These three columns represent the wait type, the total number of
milliseconds that have been spent waiting on this wait type, and the
number of times this type of wait has occurred, respectively. Wait
types that associate with latches start with LATCH_, PAGELATCH_, or PAGEIOLATCH_.
Dividing the total wait time by the number of
waits will give an average wait time (I’d recommend wrapping the
waiting_tasks_count column in the NULLIF function to avoid a division by zero error). By querying this DMV repeatedly over time (as in the following example, code file Ch7Symptoms.sql, further illustrated in Figure 4),
a picture can be built up of the frequency of latch waits, along with
the amount of time the system must wait for these latches. This picture
allows a database administrator to understand what kind of behavior is
being exhibited — whether it matches Figure 1 or Figure 2.
SELECT
wait_type,
wait_time_ms,
waiting_tasks_count,
wait_time_ms / NULLIF(waiting_tasks_count,0) AS avg_wait_time
FROM sys.dm_os_wait_stats
WHERE wait_type LIKE 'LATCH_%'
OR wait_type LIKE 'PAGELATCH_%'
OR wait_type LIKE 'PAGEIOLATCH_%';
The DMV called sys.dm_os_latch_stats lists similar statistics for latch classes.
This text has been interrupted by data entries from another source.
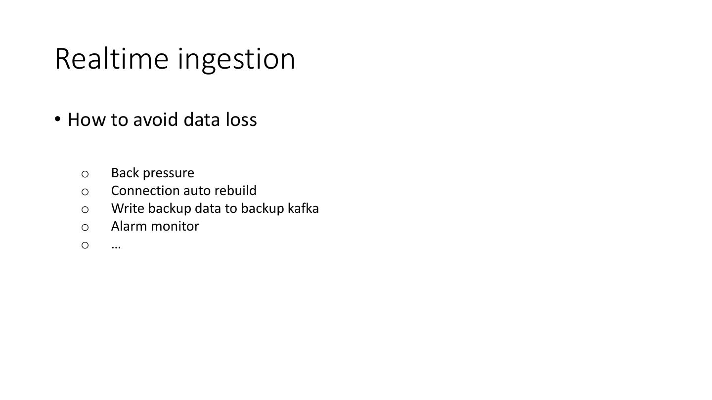 10 .Realtime ingestion • How to avoid data loss o Back pressure o Connection auto rebuild o Write backup data to backup kafka o Alarm monitor o …
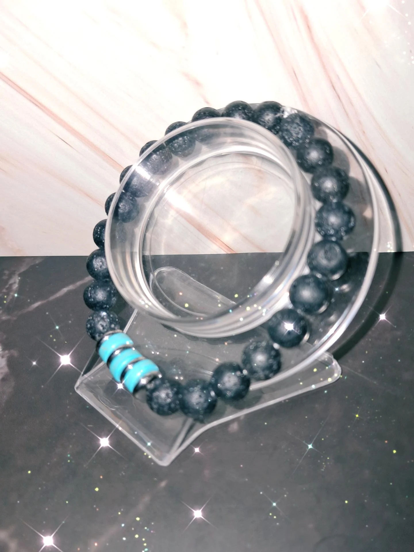 Bracelet homme, extensible ,moderne élégant et intemporel.Il se compose de pierre de lave d'hématite argenté et de turquoise.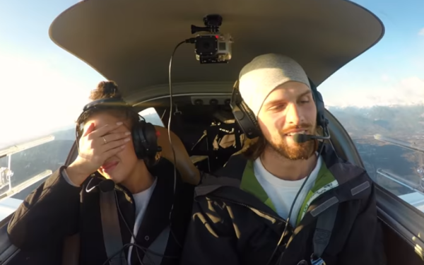 (Video) Și-a luat iubita la o plimbare cu avionul și a păcălit-o că are probleme cu motorul. Ce a urmat a cucerit inimile tuturor

Measuring Spinlock Contention
For the time being, you can think of a
spinlock as a latch, except that if the memory needing access is not
available, the spinlock will keep checking it (known as spinning) for a
while. There is slightly more to it, but that will be kept for later in
the chapter.
The main DMV for spinlocks is sys.dm_os_spinlock_stats. The metrics of concern for spinlocks are around collisions and spins_per_collision, which are both columns in this DMV, along with the name column for the type of spinlock. Collisions and spins will be described later in the chapter. Here is an example of using sys.dm_os_spinlock_stats (code file Ch7Symptoms.sql), further illustrated in Figure 5:
SELECT name, collisions, spins_per_collision
FROM sys.dm_os_spinlock_stats
ORDER BY spins_per_collision DESC;
The sys.dm_os_spinlock_stats DMV can also be cleared using DBCC SQLPERF.
Contention Indicators
Locks are used to maintain the ACID
properties of a transaction, but latches are used to provide
consistency over a memory operation. A spinlock should be considered as
similar, in that a resource is needed for a particular operation, but
is not available.
Therefore, when you see higher than normal wait
stats associated with latches and spinlocks, you may need to
investigate further.
However, only seeing higher than normal wait
stats does not in and of itself indicate a contention problem. It is
perfectly reasonable to expect that if your system is busier now than
when you took your benchmark, your wait stats would be higher. You
should look for the proportion of wait stats compared to others, and
compare this to the throughput being achieved. You might also want to
consider how many transactions per second you’re managing to achieve as
you increase the load, and the effect of extra processors.
One strong indicator of latch contention can be
seen when the proportion of latch-related wait stats increases
unreasonably as your throughput increases, as shown in Figure 2.
For spinlock contention, a strong
indicator is the number of spins per collision increasing, typically
combined with increased CPU. Spinning is an activity that requires CPU
effort, so if spinning increases disproportionally, CPU is likely to do
the same. CPU may go up simply because of a busier system, but if the
transactions per second counters are leveling off while CPU is
increasing, then this would suggest the CPU is being used for something
else — such as spinning. This is the behavior shown by the graph in Figure 3.